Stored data
******

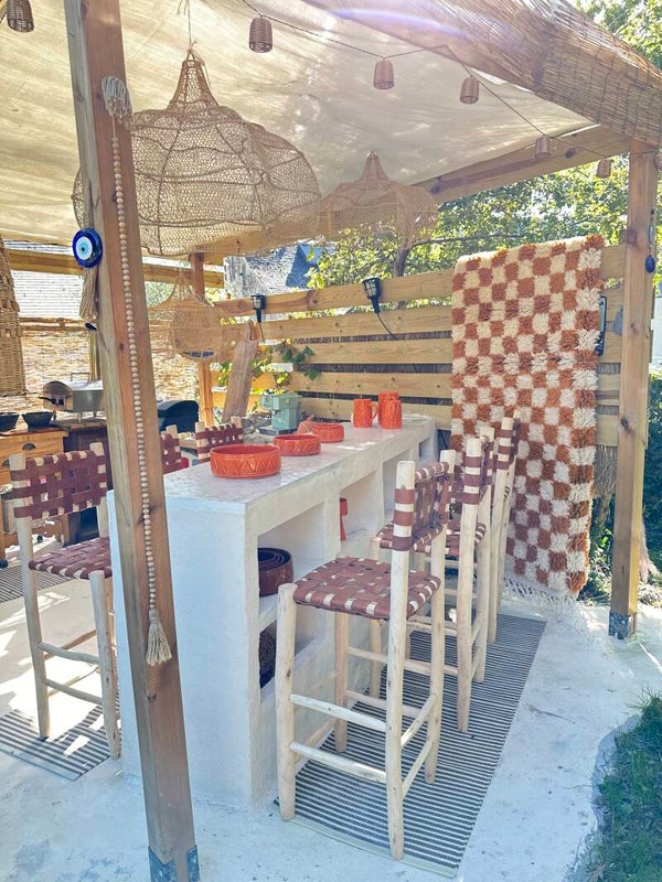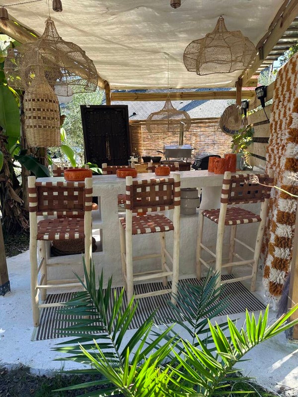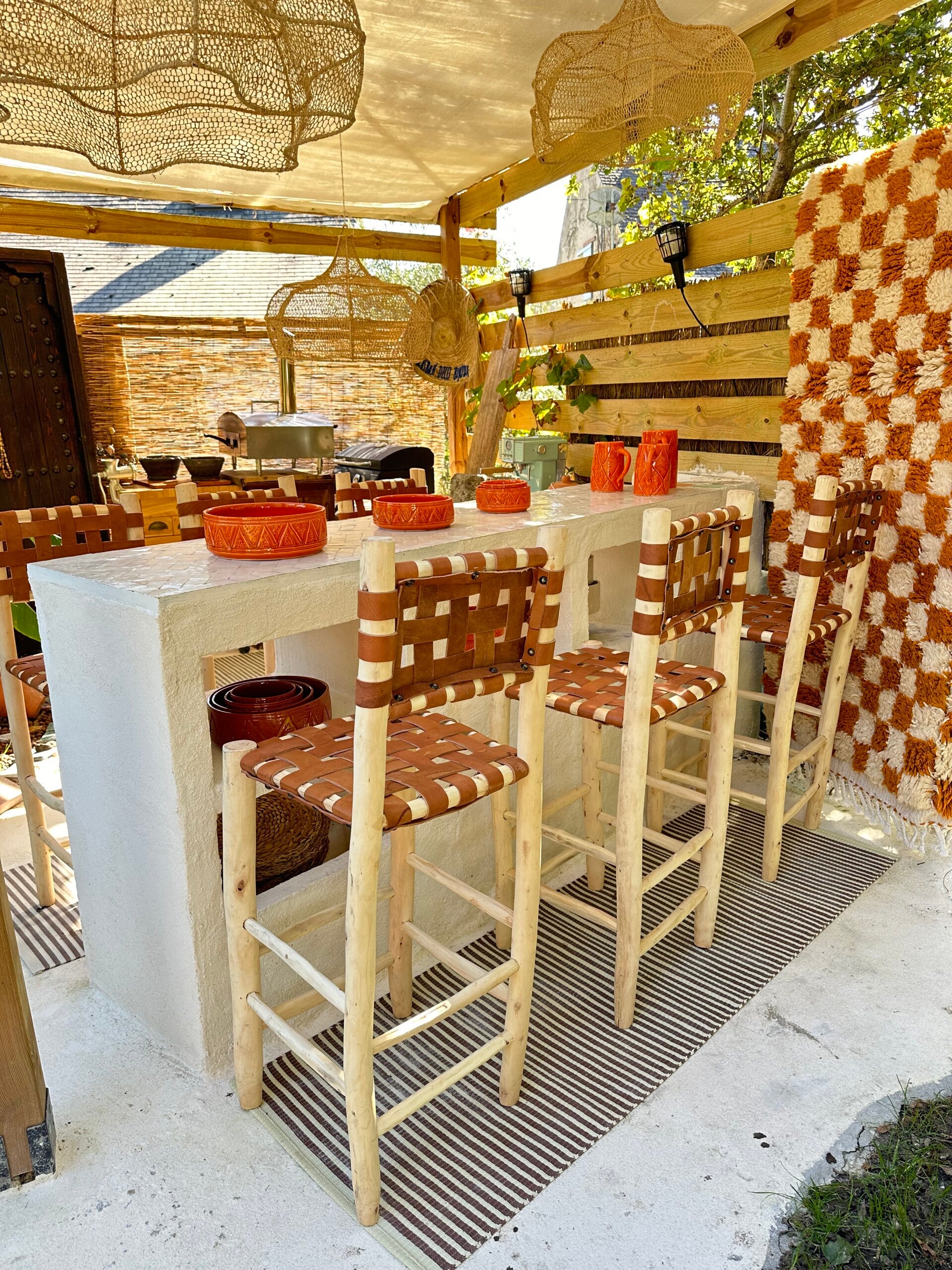 Chaise de bar en cuir et bois d'eucalyptus ✨
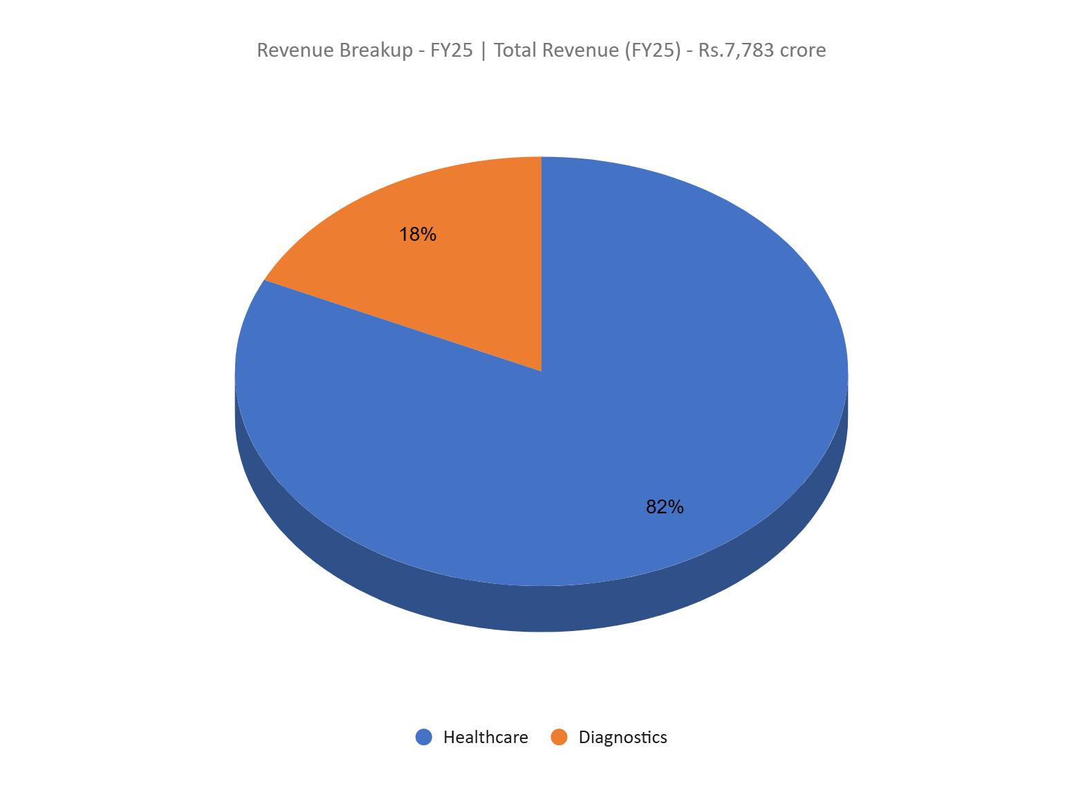 - FY25 – The corporate generated income of Rs.7,783 crore, a rise of 13% in comparison with FY24 income. The expansion was primarily pushed by ~15% progress in hospital enterprise income which contributes 84% to the corporate’s income. EBITDA is at Rs.1,655 crore, up by 27% YoY. The corporate posted a internet revenue of Rs.809 crore, a progress of 25% YoY. EBITDA margin has improved from 19% to 21% and internet revenue margin improved from 9% to 10%. Hospital enterprise has improved its EBITDA margin from 19% to 21% and diagnostics arm EBITDA margin from 17% to twenty%.
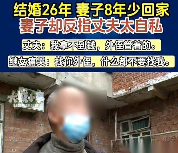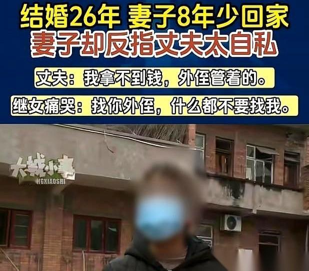 一个月给你300块钱生活费,水电人情女儿学费全包。 胳膊疼得抬不起来想去看病,他说:行啊,看完拿单子回来给我报销。 你猜这是啥? 不是旧社会的地主和长工,是重庆一对结婚26年的老两口。 男的觉得自己委屈得像个圣人。 我帮你把3岁的拖油瓶拉扯大,养了26年,天大的恩情啊!你怎么能走?你怎么敢走? 于是老太太一走8年,头也不回。 他急了,找调解员,想让老婆回来伺候晚年。 结果把陈芝麻烂谷子一倒出来,所有人都沉默了。 300块,在今天能干嘛?可能不够你加一箱油。 但在当年,一个女人就靠这点钱,撑着一个家。不够怎么办?大冬天跳下河摸螺蛳,回家还得喂猪,拿命去换钱。 这些苦,那个男人看到了吗? 他没看到。他只记得他养了别人的女儿,他只觉得全天下都欠他的。 最寒心的,就是那张“发票”。 我把你当老婆,你把我当会计。我跟你谈感情,你跟我走流程。 那一刻,什么26年的情分,都喂了狗了。 所以老太太说要离,我一点都不奇怪。 在女儿家,带带外孙,累是累点,但活得像个人。腰杆是直的,手心是向下的,不用为了几块钱看人脸色。 可笑的是,男方亲戚还跳出来,说人家母女是图他钱。 真是奇了怪了。 老头子脑梗住院,端屎端尿半个多月的是谁?是这个“图钱”的继女。 你们这些“正牌”亲戚,当时在哪儿呢? 说白了,有些男人就是这样。 他把你对他的好,当成理所当然;把他自己的一点点付出,刻在功德碑上,恨不得让你天天跪拜。 婚姻不是算账,不是你养了我的娃,我就得给你当牛做马一辈子。 你连枕边人最基本的冷暖和尊严都给不了,还谈什么恩情? 散了,挺好。 这哪是过日子,这分明是渡劫。
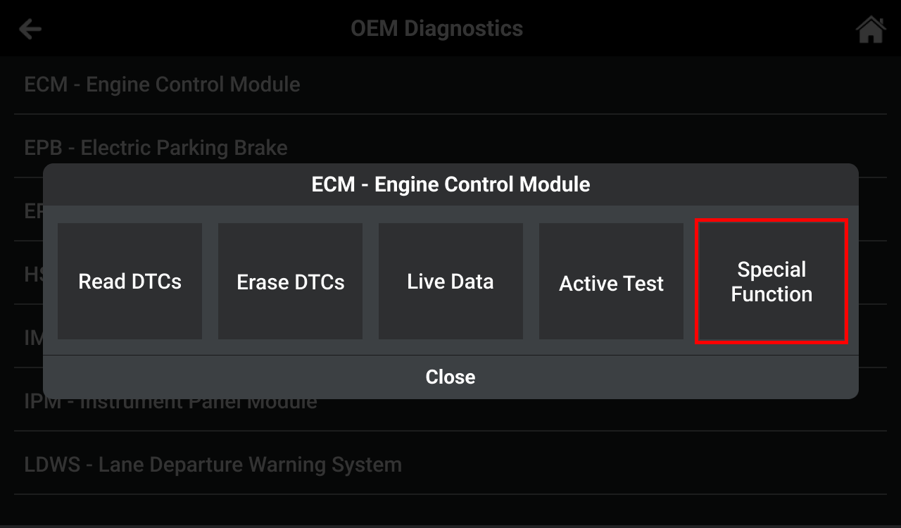 By following these steps, you can effectively utilize the Special Function feature on the Innova 7111 Tablet, specifically performing the Engine Control Module (ECM) Special Function. Please note that the availability of functions may differ based on the vehicle. If you encounter any questions or require further assistance, don’t hesitate to reach out to our support team. Your efficient and accurate diagnostics experience is our priority!
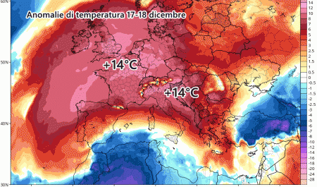 Davvero clamorose le anomalie previste tra domenica e l’inizio di settimana, praticamente su buona parte d’Europa. L’anticiclone porterà isoterme impressionanti, fino a +12/+13°C a 850hpa. Insomma le anomalie saranno notevoli, come si evince dalla mappa di previsione per domenica e lunedì. Si prospettano fino a 14°C oltre le tipiche del periodo su tutta l’Europa centrale e nord Italia.
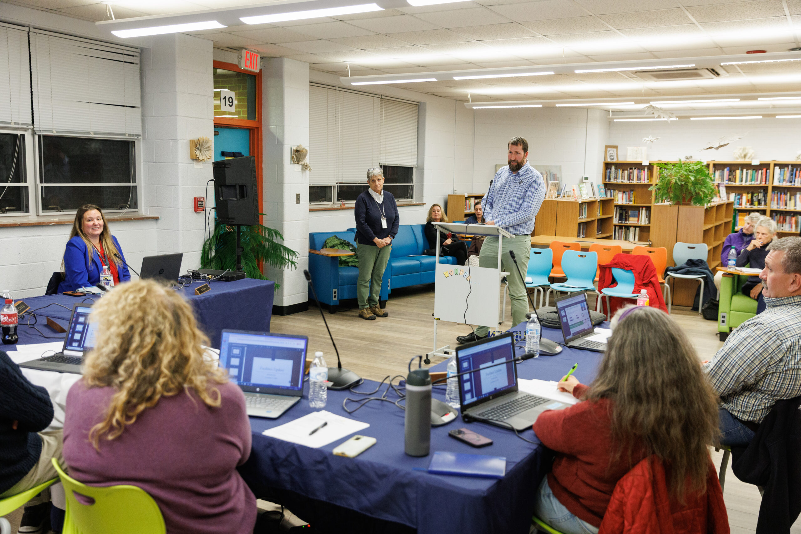 Jeff Henry, director of member services and community relations for Rappahannock Electric Cooperative (REC) attended the meeting to explain the cause of the recent outages, which he said stemmed from failures in a voltage-protection device and automatic shut off that should have shut off power during the surge. Henry said crews would inspect the line from the substation to the school Wednesday and provide a report to prevent future issues.
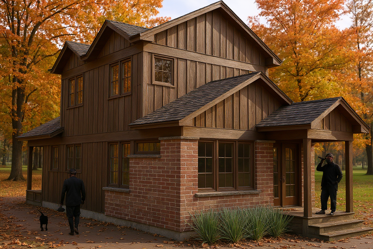 silver weathered cedar siding black shutters dark green window frames east texas piney woods setting limestone pilings add dog on front porch
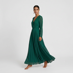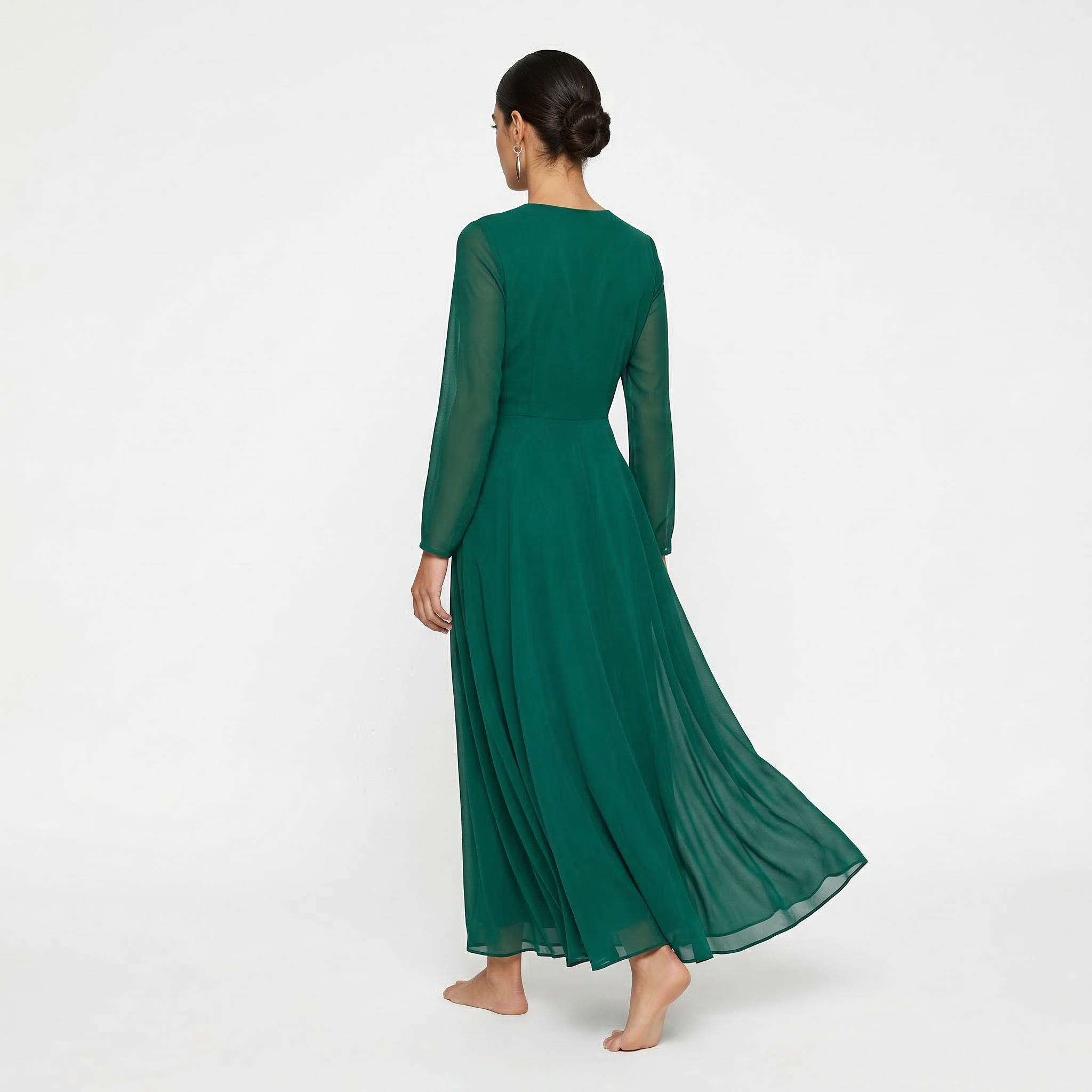 Experience a look of regal sophistication with our Majestic Emerald Gown. This piece features a deep, lush green hue that exudes confidence and timeless charm. Designed with modest long sleeves and a fluid, sweeping skirt, it provides a graceful silhouette that is perfect for prestigious formal occasions, winter galas, and high-profile evening receptions.
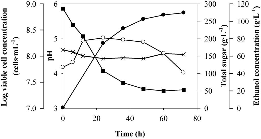 However, under appropriate environmental and nutritional conditions, Saccharomyces cerevisiae can produce and tolerate high ethanol concentrations [9]. The yeast is well-known as the main ethanol-producing microorganism used in industrial processes [10]. Minteer [11] reported that yeast withstood extreme environmental stresses, including high osmolality (beginning soluble solids of 25 to 30% w/v) and high ethanol concentrations (12 to 18%, v/v), as well as organic acids produced by contaminating bacteria. Our previous work found that among three high-ethanol-producing strains of S. cerevisiae (TISTR 5048, TISTR 5339 and NP 01), NP 01 gave the maximum ethanol concentration under batch fermentation in an ethanol production medium containing 280 g·L−1 of glucose [12].

******

The lines needed run from the first line of the records through the line containing "一个月给你300块钱生活费,水电人情女儿学费全包。 胳膊疼得抬不起来想去看病,他说:行啊,看完拿单子回来给我报销。 你猜这是啥?", both included. Restate them word for word, without pictures.

» **SOLVED PROBLEM**:
 Chaise de bar en cuir et bois d'eucalyptus ✨
 - FY25 – The corporate generated income of Rs.7,783 crore, a rise of 13% in comparison with FY24 income. The expansion was primarily pushed by ~15% progress in hospital enterprise income which contributes 84% to the corporate’s income. EBITDA is at Rs.1,655 crore, up by 27% YoY. The corporate posted a internet revenue of Rs.809 crore, a progress of 25% YoY. EBITDA margin has improved from 19% to 21% and internet revenue margin improved from 9% to 10%. Hospital enterprise has improved its EBITDA margin from 19% to 21% and diagnostics arm EBITDA margin from 17% to twenty%.
 一个月给你300块钱生活费,水电人情女儿学费全包。 胳膊疼得抬不起来想去看病,他说:行啊,看完拿单子回来给我报销。 你猜这是啥? 不是旧社会的地主和长工,是重庆一对结婚26年的老两口。 男的觉得自己委屈得像个圣人。 我帮你把3岁的拖油瓶拉扯大,养了26年,天大的恩情啊!你怎么能走?你怎么敢走? 于是老太太一走8年,头也不回。 他急了,找调解员,想让老婆回来伺候晚年。 结果把陈芝麻烂谷子一倒出来,所有人都沉默了。 300块,在今天能干嘛?可能不够你加一箱油。 但在当年,一个女人就靠这点钱,撑着一个家。不够怎么办?大冬天跳下河摸螺蛳,回家还得喂猪,拿命去换钱。 这些苦,那个男人看到了吗? 他没看到。他只记得他养了别人的女儿,他只觉得全天下都欠他的。 最寒心的,就是那张“发票”。 我把你当老婆,你把我当会计。我跟你谈感情,你跟我走流程。 那一刻,什么26年的情分,都喂了狗了。 所以老太太说要离,我一点都不奇怪。 在女儿家,带带外孙,累是累点,但活得像个人。腰杆是直的,手心是向下的,不用为了几块钱看人脸色。 可笑的是,男方亲戚还跳出来,说人家母女是图他钱。 真是奇了怪了。 老头子脑梗住院,端屎端尿半个多月的是谁?是这个“图钱”的继女。 你们这些“正牌”亲戚,当时在哪儿呢? 说白了,有些男人就是这样。 他把你对他的好,当成理所当然;把他自己的一点点付出,刻在功德碑上,恨不得让你天天跪拜。 婚姻不是算账,不是你养了我的娃,我就得给你当牛做马一辈子。 你连枕边人最基本的冷暖和尊严都给不了,还谈什么恩情? 散了,挺好。 这哪是过日子,这分明是渡劫。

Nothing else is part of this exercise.